__Activity__. Reproduce verbatim all of the data given below, but do not carry over the images.

(Beginning of Material provided)

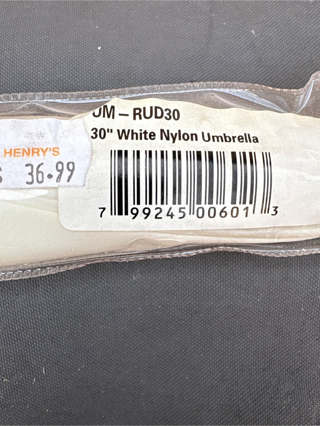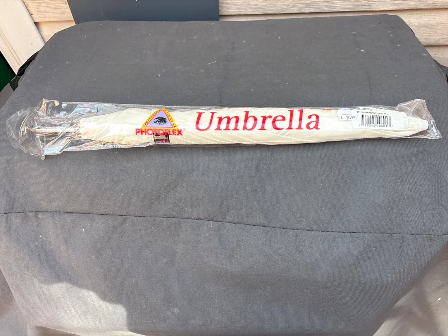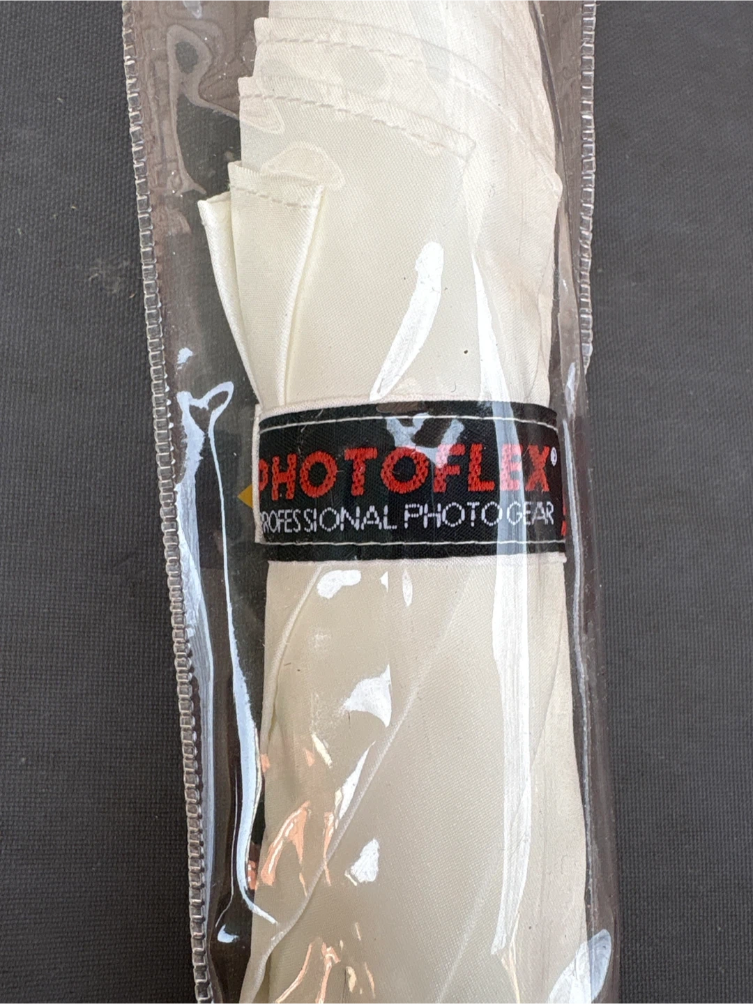 Photoflex 30" white nylon umbrella. It comes in its original packaging. This umbrella is great for photography lighting diffusion or as a rain umbrella.
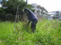 西1 草を取りつつ、野菜苗を植えています。
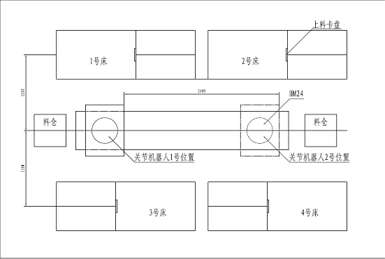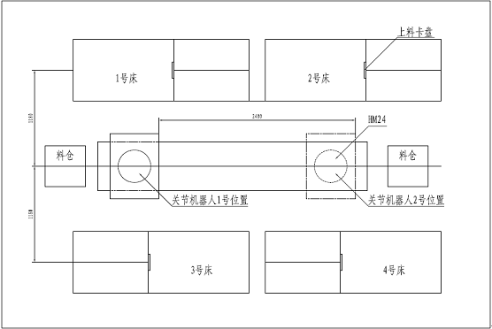 CK6140機(jī)床機(jī)械手上下料方案是機(jī)械人、機(jī)床、電氣和各種檢查手段于一體的綜合性的項(xiàng)目,各個部件有條不紊的工作相互協(xié)作,完成產(chǎn)品的生產(chǎn)。布局如圖1:
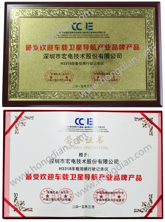 28日晚,大會(huì)同期舉辦了“2015中國(guó)車聯(lián)網(wǎng)大會(huì)頒獎(jiǎng)典禮”,主辦方為本年度優(yōu)秀的衛(wèi)星導(dǎo)航運(yùn)營(yíng)商、車聯(lián)網(wǎng)產(chǎn)品供應(yīng)商及產(chǎn)品頒發(fā)了榮譽(yù)證書(shū)。宏電H3318車載視頻行駛記錄儀憑借優(yōu)秀的性能和高標(biāo)準(zhǔn)的品質(zhì)要求,經(jīng)過(guò)層層角逐獲得“最受歡迎車載衛(wèi)星導(dǎo)航產(chǎn)業(yè)品牌產(chǎn)品”獎(jiǎng)。

(End of Material provided)

__Answer to the exercise__.
 Photoflex 30" white nylon umbrella. It comes in its original packaging. This umbrella is great for photography lighting diffusion or as a rain umbrella.
 西1 草を取りつつ、野菜苗を植えています。
 CK6140機(jī)床機(jī)械手上下料方案是機(jī)械人、機(jī)床、電氣和各種檢查手段于一體的綜合性的項(xiàng)目,各個部件有條不紊的工作相互協(xié)作,完成產(chǎn)品的生產(chǎn)。布局如圖1:
 28日晚,大會(huì)同期舉辦了“2015中國(guó)車聯(lián)網(wǎng)大會(huì)頒獎(jiǎng)典禮”,主辦方為本年度優(yōu)秀的衛(wèi)星導(dǎo)航運(yùn)營(yíng)商、車聯(lián)網(wǎng)產(chǎn)品供應(yīng)商及產(chǎn)品頒發(fā)了榮譽(yù)證書(shū)。宏電H3318車載視頻行駛記錄儀憑借優(yōu)秀的性能和高標(biāo)準(zhǔn)的品質(zhì)要求,經(jīng)過(guò)層層角逐獲得“最受歡迎車載衛(wèi)星導(dǎo)航產(chǎn)業(yè)品牌產(chǎn)品”獎(jiǎng)。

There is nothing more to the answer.